- Opening Delimiter -

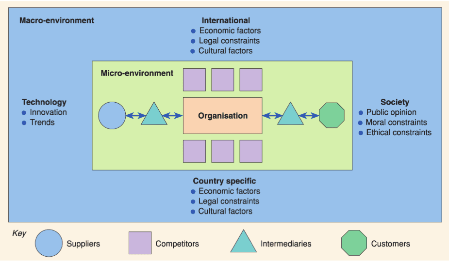 These are the contexts that a business should assess itself against to review competitors, markets, and the situation in which an organization finds itself.
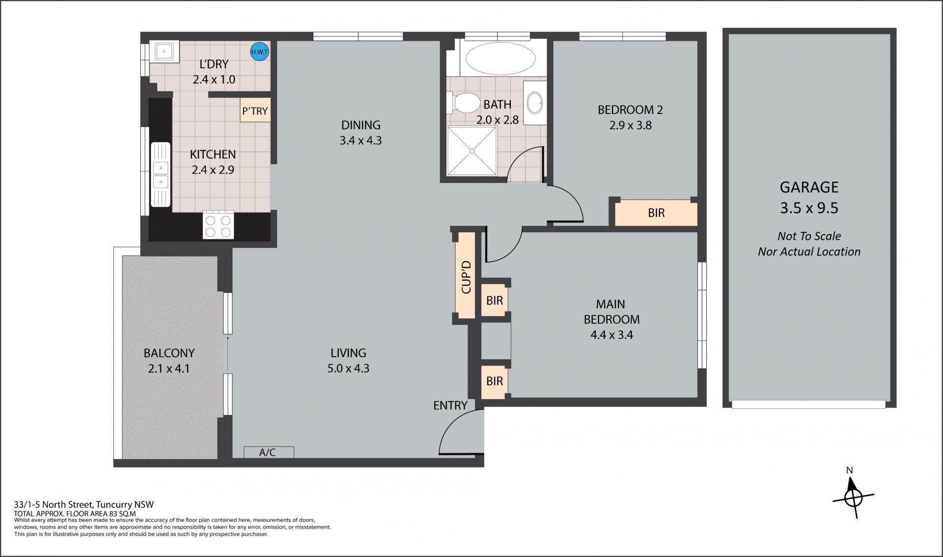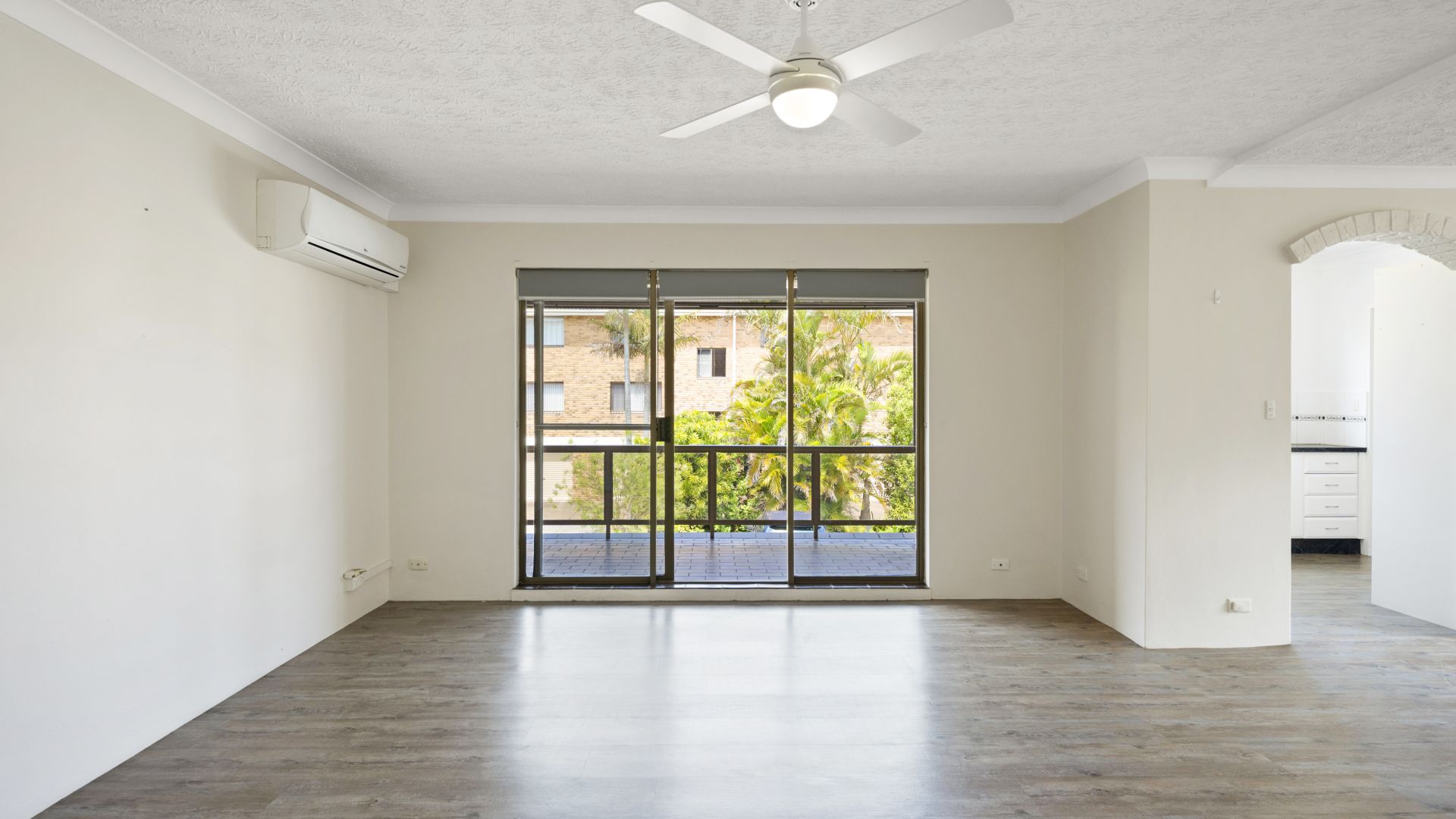 ** Light-filled open plan living with A/C, tidy kitchen & sizeable balcony
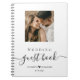 Elegant Chic Script Heart Custom Personalized Photo Wedding Guest Book. Features modern „guest book” text in hand lettered calligraphy, wedding date and couples first name wit love heart shape on white background. Customize with your favorite photo and personalize your information. It great for wedding or anniversary day.
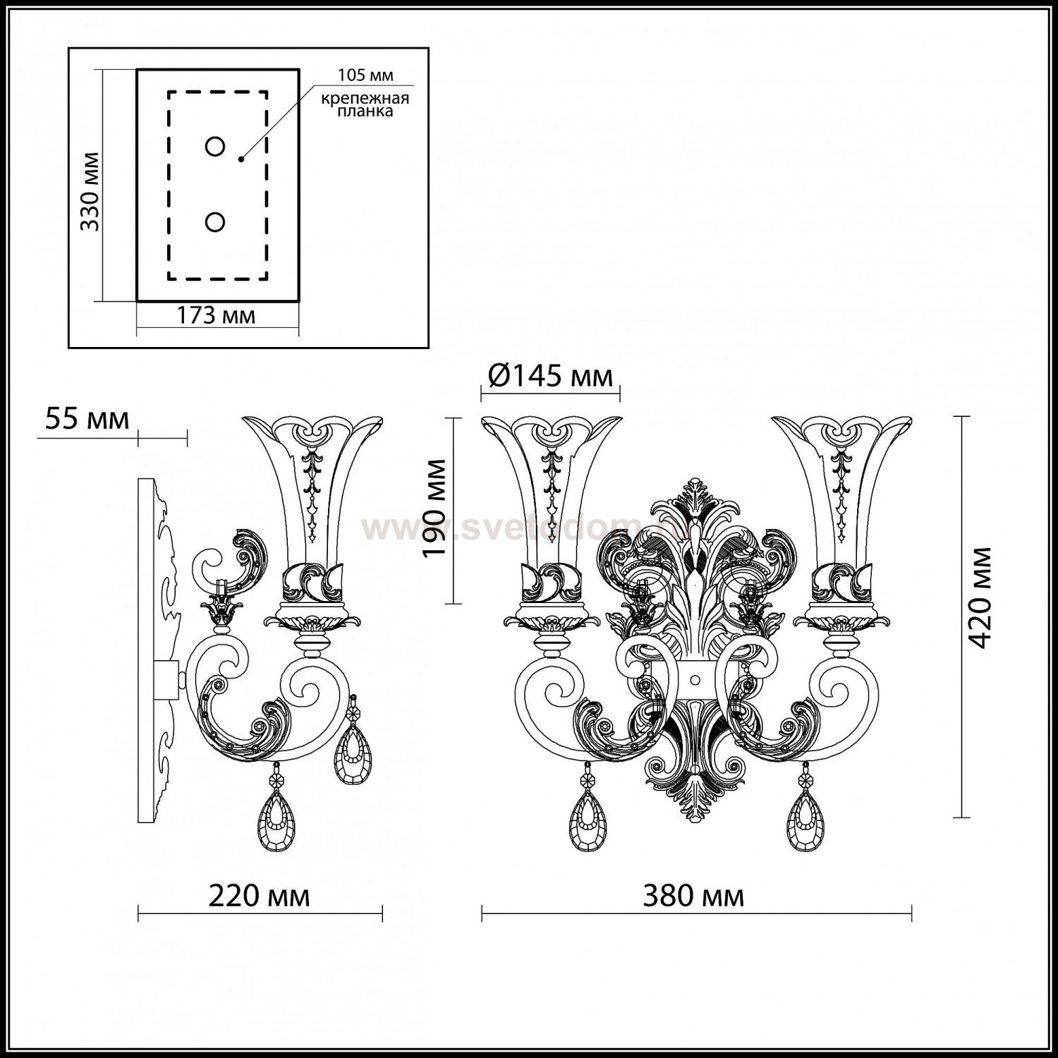 Бра 2431 / 2W линии Ponga покрыто бронзовым цветом, основание бра украшено лепниной, хрустальными подвесками высшего качества, матовый плафон из стекла молочного цвета по кромке декорирован изящным узором. Бра украсит любой интерьер и будет смотреться поистине роскошно и по - королевски. Цоколь E14. Мощность 2*60W. Нет ламп в комплекте.

- Closing Delimiter -

### Task
Starting at the top of the listing above, please restate word for word each line up to and including the one that holds "kitchen & sizeable balcony", omitting every image.

### Task solution
 These are the contexts that a business should assess itself against to review competitors, markets, and the situation in which an organization finds itself.
 ** Light-filled open plan living with A/C, tidy kitchen & sizeable balcony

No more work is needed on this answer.